___ DATA SHOWN ___
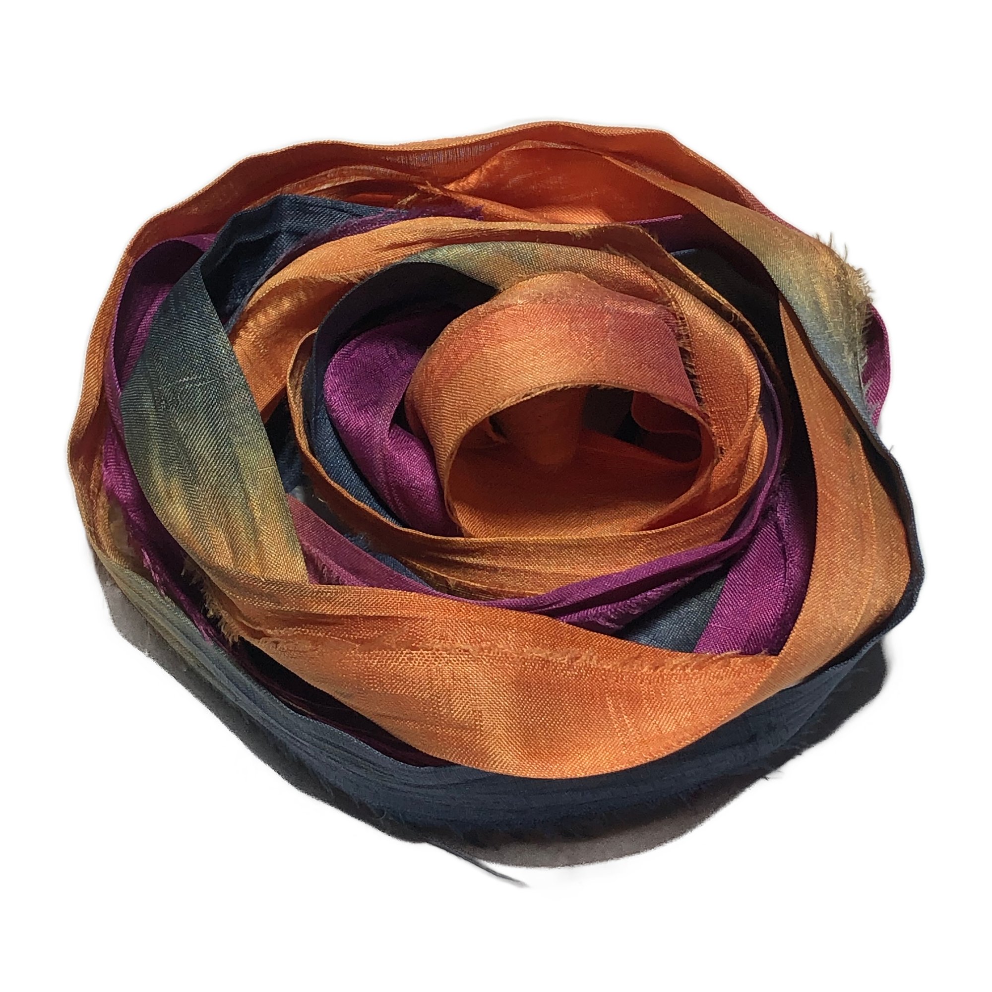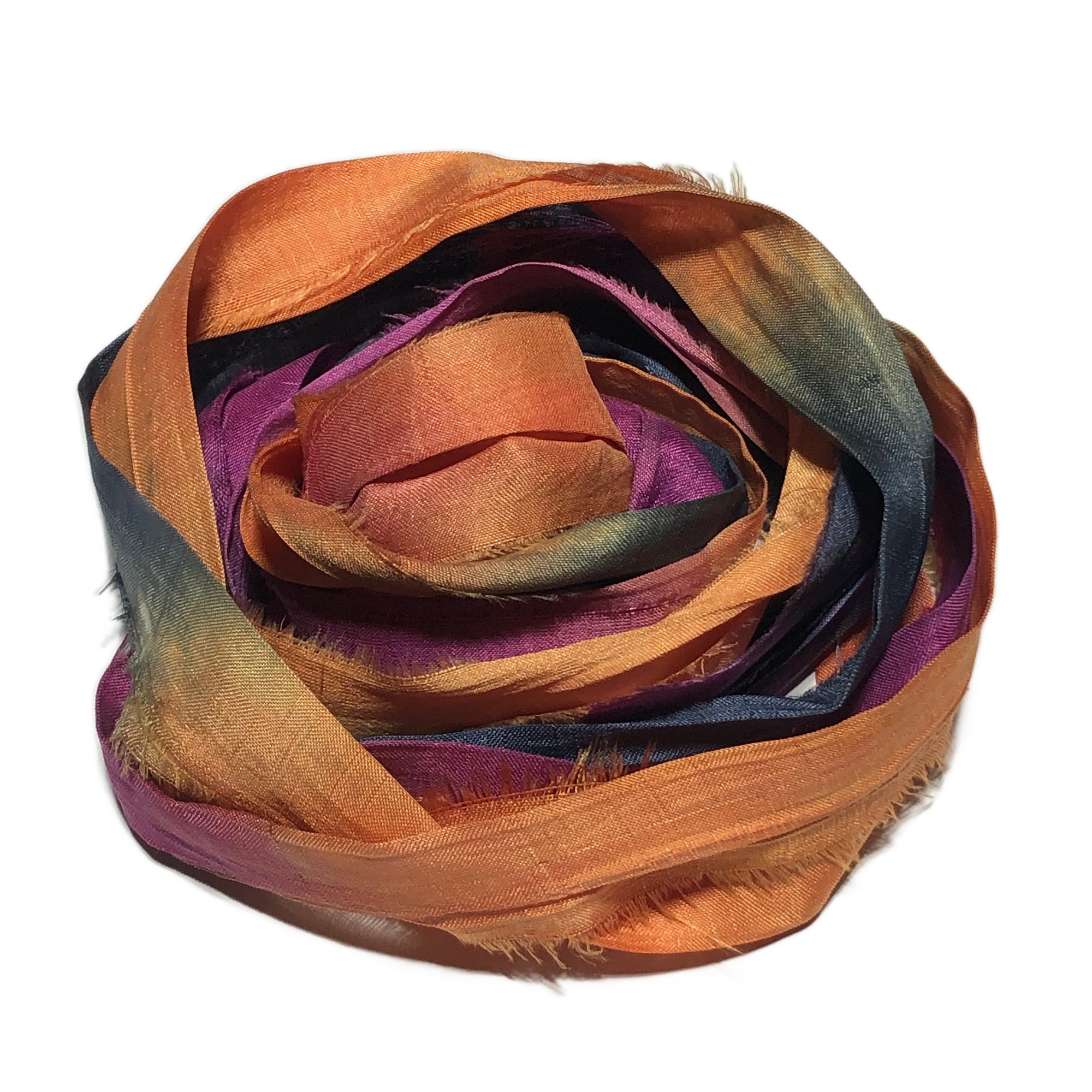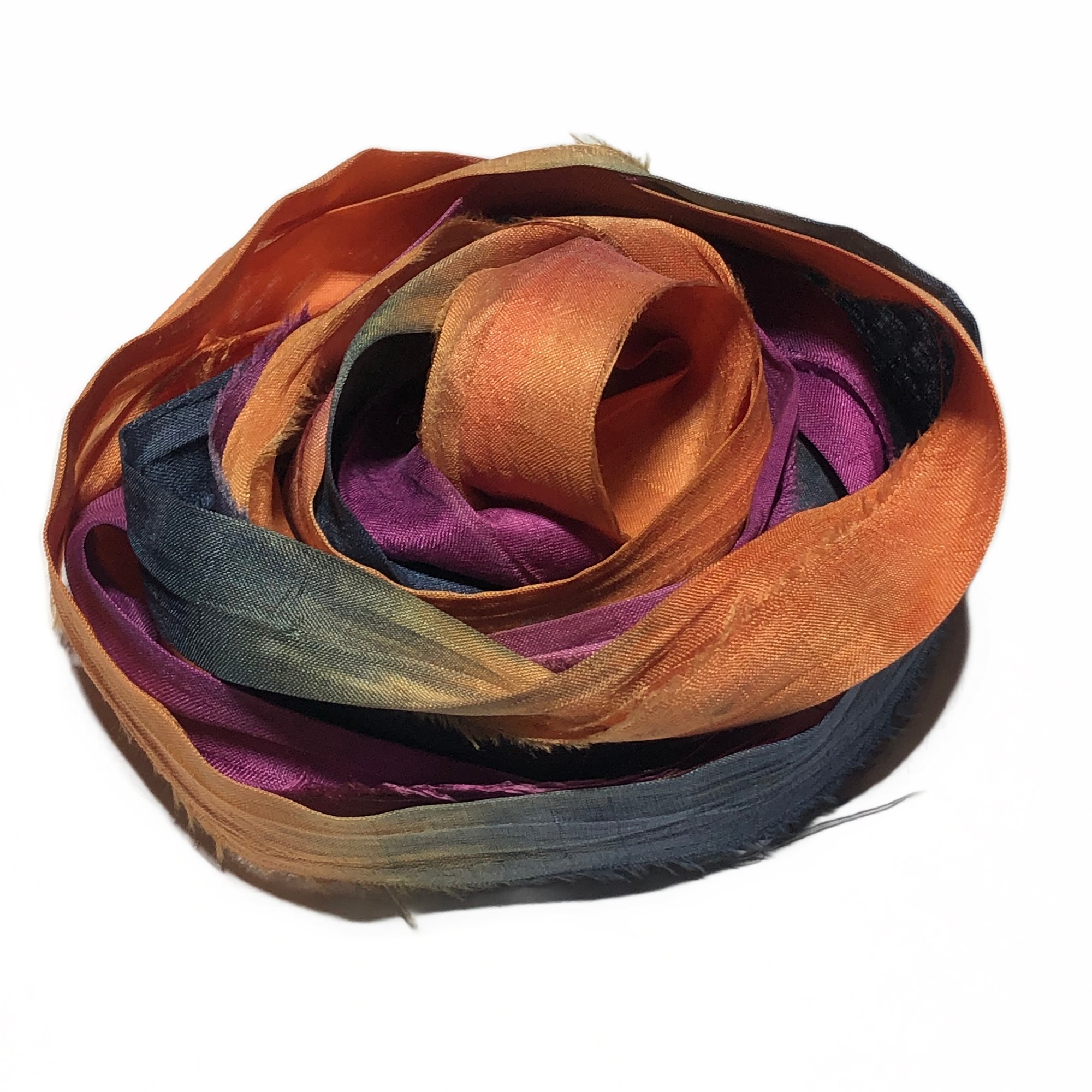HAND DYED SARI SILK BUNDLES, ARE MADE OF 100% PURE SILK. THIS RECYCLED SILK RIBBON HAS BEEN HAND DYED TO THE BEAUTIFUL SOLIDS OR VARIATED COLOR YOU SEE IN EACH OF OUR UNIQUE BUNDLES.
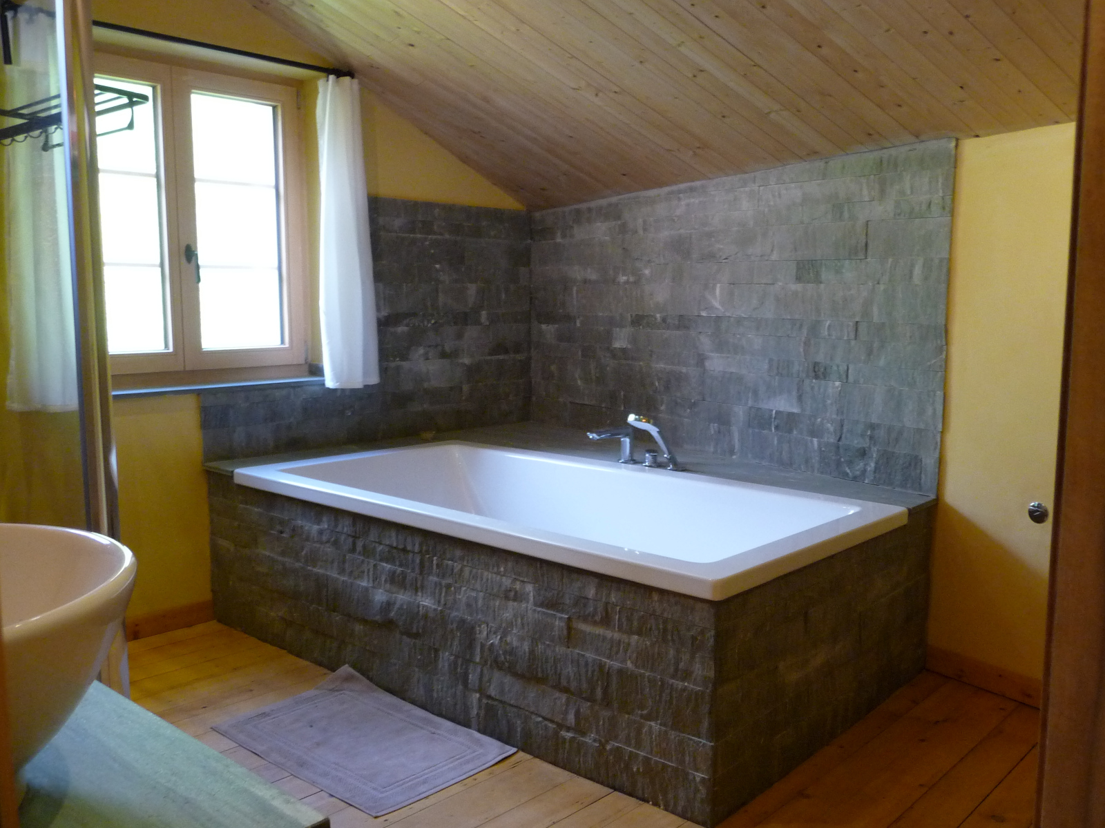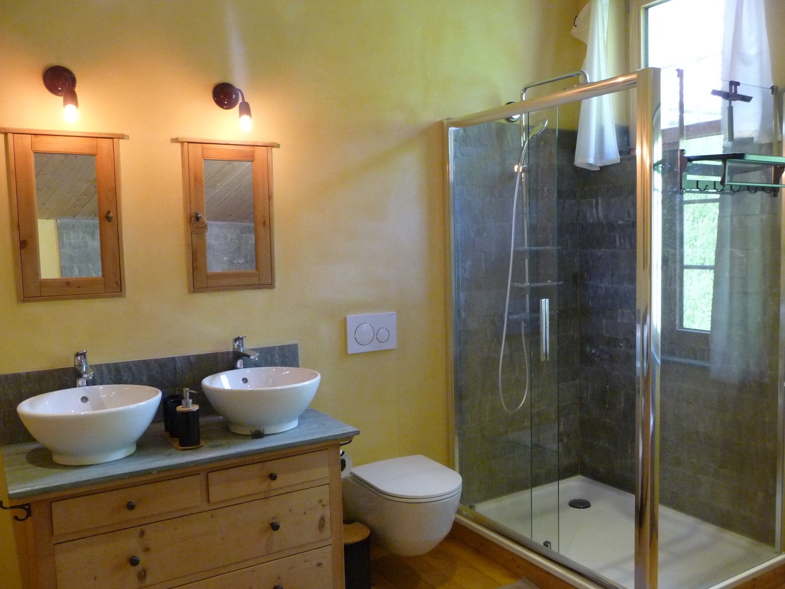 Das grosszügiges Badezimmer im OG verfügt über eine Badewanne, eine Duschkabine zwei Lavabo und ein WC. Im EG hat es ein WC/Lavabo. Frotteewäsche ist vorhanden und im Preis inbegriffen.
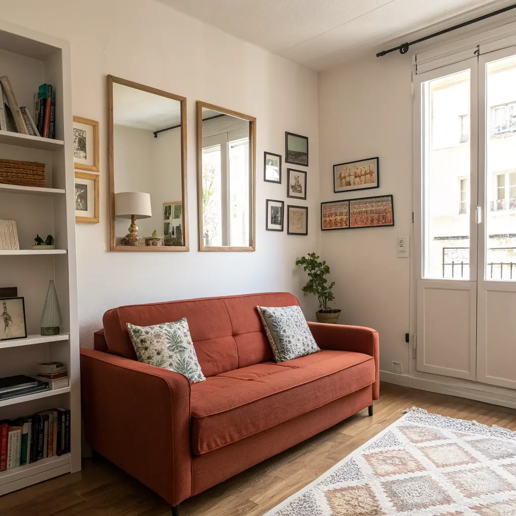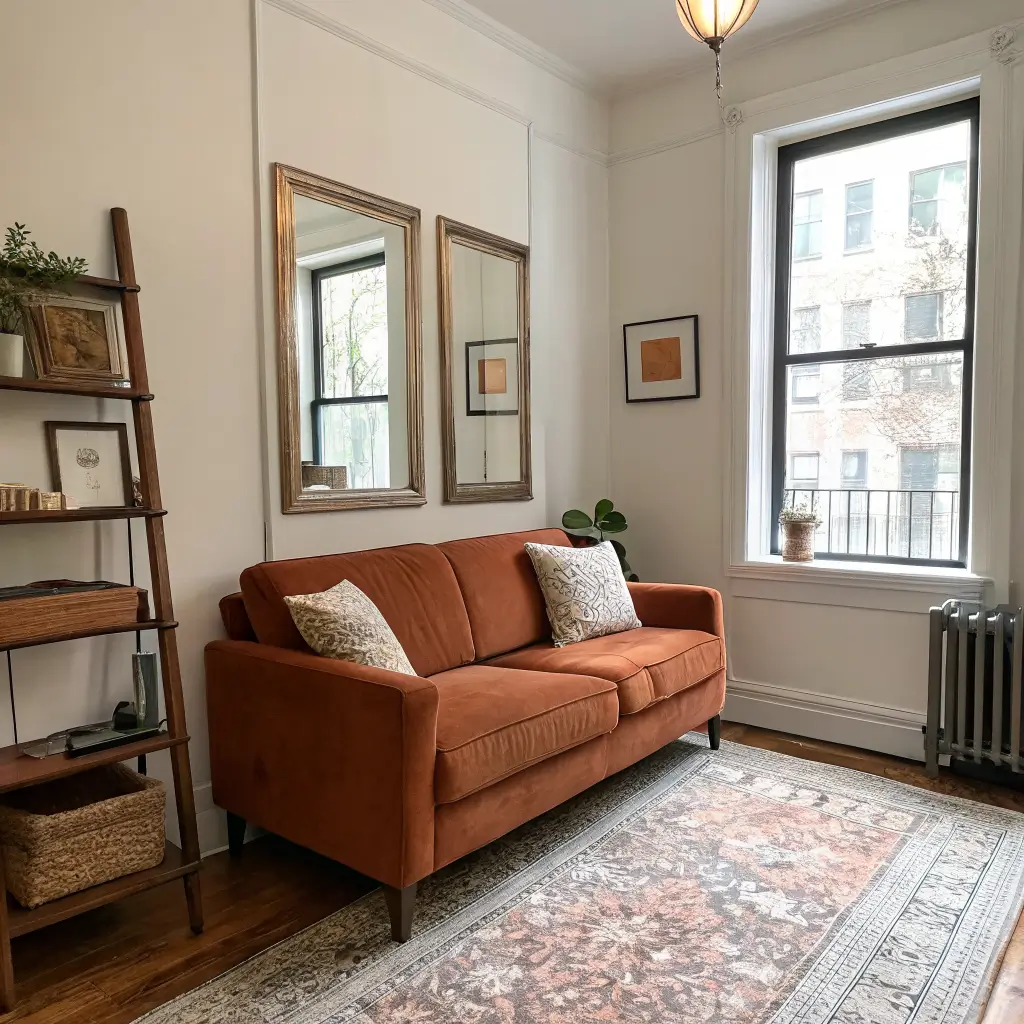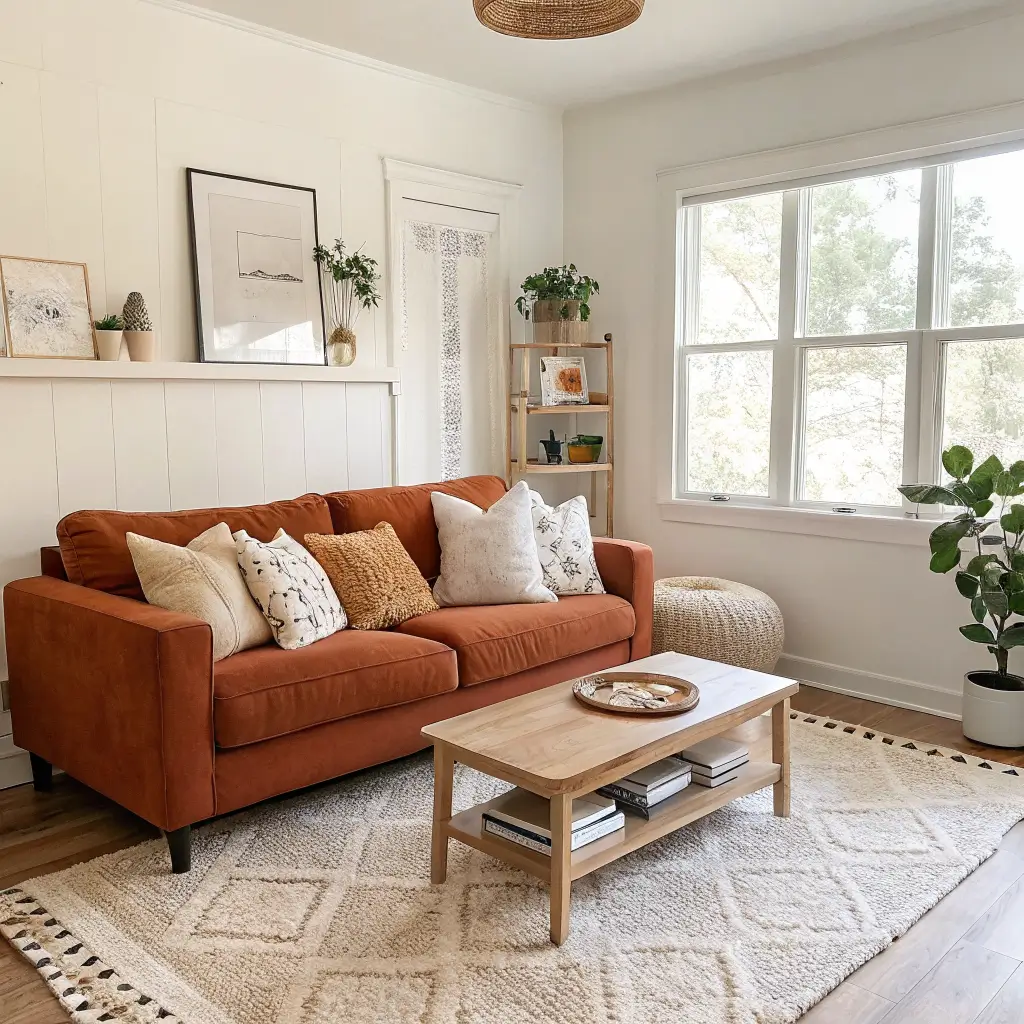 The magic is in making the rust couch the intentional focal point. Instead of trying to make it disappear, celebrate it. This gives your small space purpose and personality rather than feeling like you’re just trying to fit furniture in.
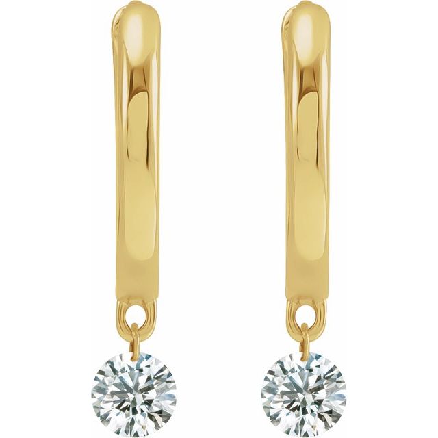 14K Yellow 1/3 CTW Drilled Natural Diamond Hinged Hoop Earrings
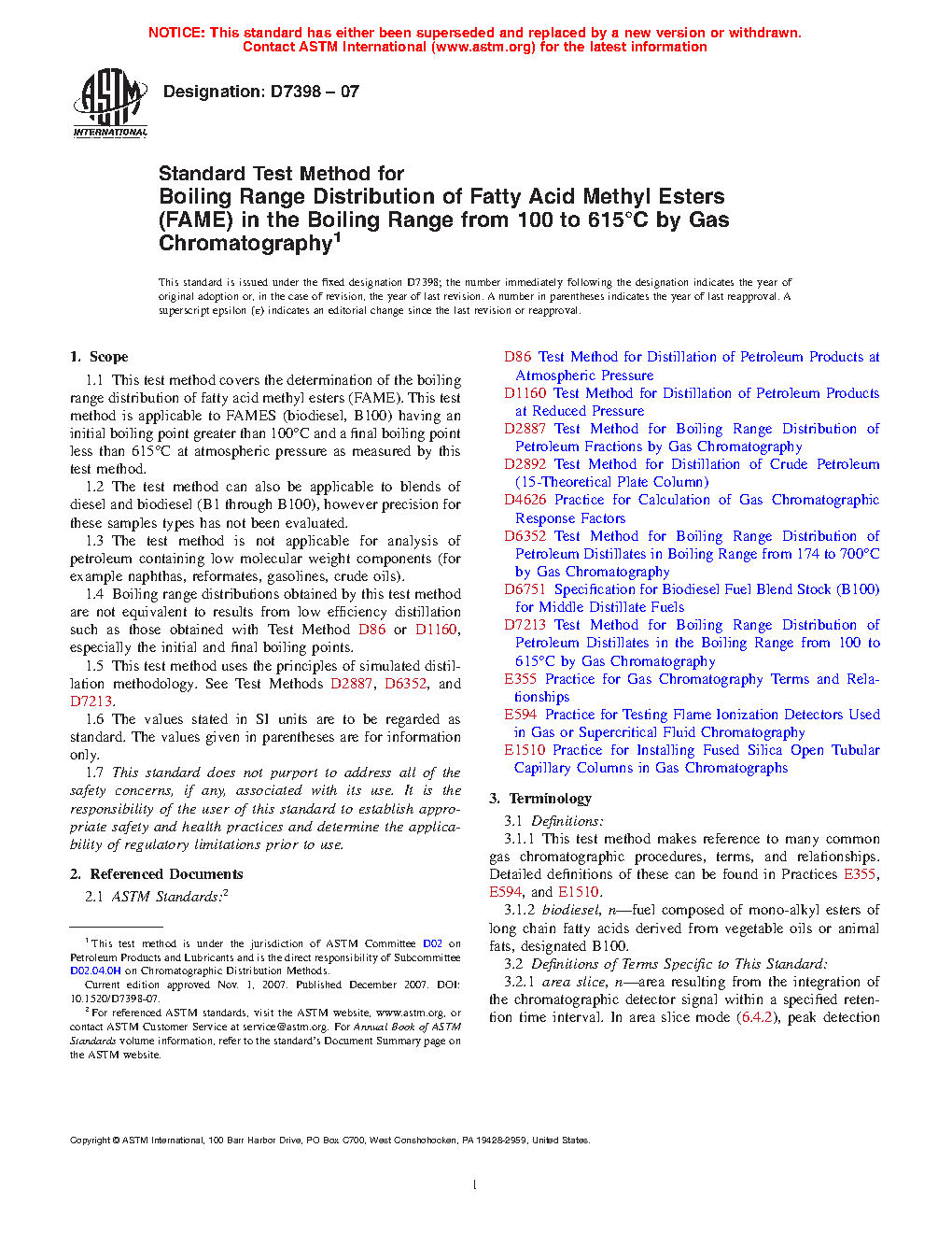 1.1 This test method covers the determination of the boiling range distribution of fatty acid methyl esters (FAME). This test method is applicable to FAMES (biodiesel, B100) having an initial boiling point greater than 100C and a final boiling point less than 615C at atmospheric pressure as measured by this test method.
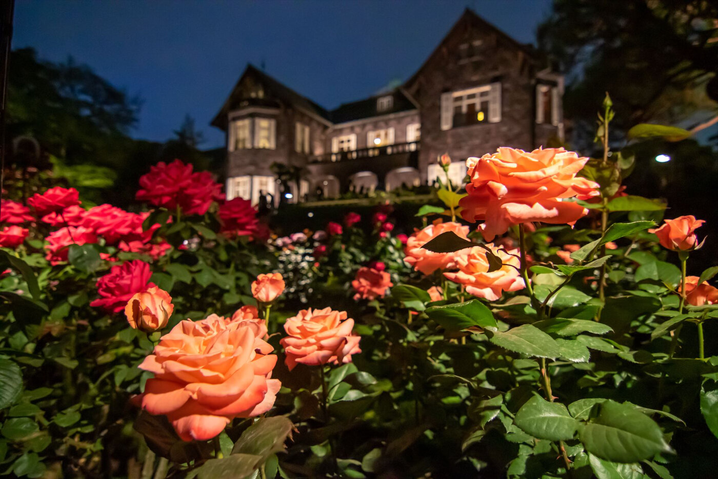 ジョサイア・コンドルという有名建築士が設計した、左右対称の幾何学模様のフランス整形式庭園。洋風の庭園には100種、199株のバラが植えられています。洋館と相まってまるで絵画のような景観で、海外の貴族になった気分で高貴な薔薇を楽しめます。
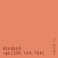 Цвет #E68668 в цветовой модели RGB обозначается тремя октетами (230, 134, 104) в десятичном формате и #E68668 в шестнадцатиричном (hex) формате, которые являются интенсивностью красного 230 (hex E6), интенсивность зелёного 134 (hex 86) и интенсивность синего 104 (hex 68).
___
> **INSTRUCTIONS TO FOLLOW**
The lines wanted are those from the start of the material above through the line with "1.1 This test", both included; print them exactly and skip any picture.

> **SOLUTION FOR THIS TASK**
HAND DYED SARI SILK BUNDLES, ARE MADE OF 100% PURE SILK. THIS RECYCLED SILK RIBBON HAS BEEN HAND DYED TO THE BEAUTIFUL SOLIDS OR VARIATED COLOR YOU SEE IN EACH OF OUR UNIQUE BUNDLES.
 Das grosszügiges Badezimmer im OG verfügt über eine Badewanne, eine Duschkabine zwei Lavabo und ein WC. Im EG hat es ein WC/Lavabo. Frotteewäsche ist vorhanden und im Preis inbegriffen.
 The magic is in making the rust couch the intentional focal point. Instead of trying to make it disappear, celebrate it. This gives your small space purpose and personality rather than feeling like you’re just trying to fit furniture in.
 14K Yellow 1/3 CTW Drilled Natural Diamond Hinged Hoop Earrings
 1.1 This test method covers the determination of the boiling range distribution of fatty acid methyl esters (FAME). This test method is applicable to FAMES (biodiesel, B100) having an initial boiling point greater than 100C and a final boiling point less than 615C at atmospheric pressure as measured by this test method.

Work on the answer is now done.